• [What the exercise asks]: The response should repeat word for word every line below from the one with "Slowton Hunde-Autogeschirr mit" to the one with "近年来,学校教师荣获市级以上", inclusive, and nothing else; leave pictures out.

• [Records provided]:

--------------------------------------------------

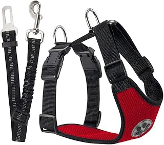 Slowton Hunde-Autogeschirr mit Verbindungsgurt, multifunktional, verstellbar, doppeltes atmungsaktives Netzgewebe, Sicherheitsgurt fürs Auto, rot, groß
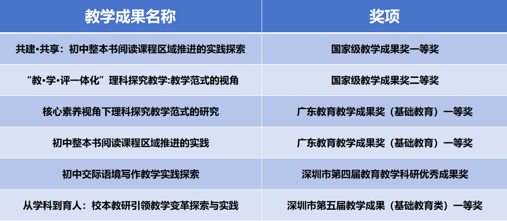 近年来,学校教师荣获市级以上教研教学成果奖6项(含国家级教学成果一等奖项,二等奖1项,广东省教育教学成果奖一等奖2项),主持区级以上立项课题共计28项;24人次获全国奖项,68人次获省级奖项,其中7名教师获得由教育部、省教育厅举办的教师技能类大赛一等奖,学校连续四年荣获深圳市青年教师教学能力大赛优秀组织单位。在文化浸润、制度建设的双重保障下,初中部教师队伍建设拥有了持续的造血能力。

--------------------------------------------------

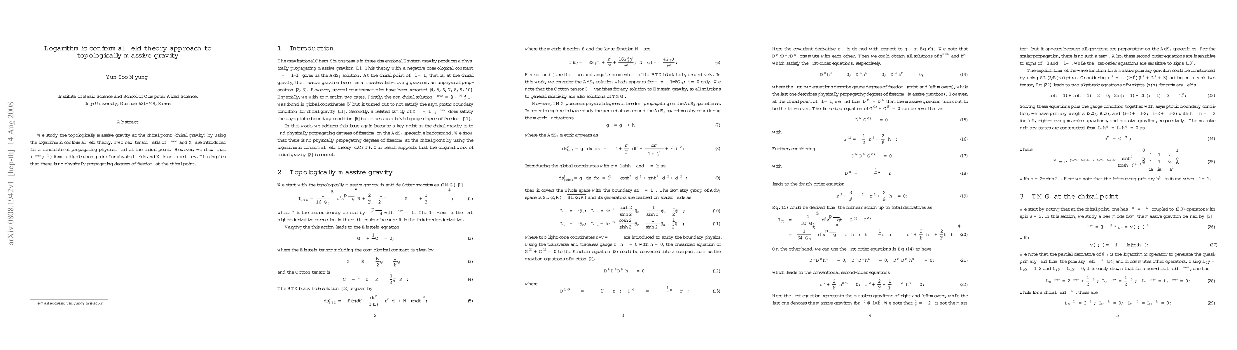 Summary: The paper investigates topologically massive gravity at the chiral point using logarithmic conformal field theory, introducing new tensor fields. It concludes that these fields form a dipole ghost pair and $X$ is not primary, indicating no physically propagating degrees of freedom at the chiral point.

--------------------------------------------------

• [Solution]:
 Slowton Hunde-Autogeschirr mit Verbindungsgurt, multifunktional, verstellbar, doppeltes atmungsaktives Netzgewebe, Sicherheitsgurt fürs Auto, rot, groß
 近年来,学校教师荣获市级以上教研教学成果奖6项(含国家级教学成果一等奖项,二等奖1项,广东省教育教学成果奖一等奖2项),主持区级以上立项课题共计28项;24人次获全国奖项,68人次获省级奖项,其中7名教师获得由教育部、省教育厅举办的教师技能类大赛一等奖,学校连续四年荣获深圳市青年教师教学能力大赛优秀组织单位。在文化浸润、制度建设的双重保障下,初中部教师队伍建设拥有了持续的造血能力。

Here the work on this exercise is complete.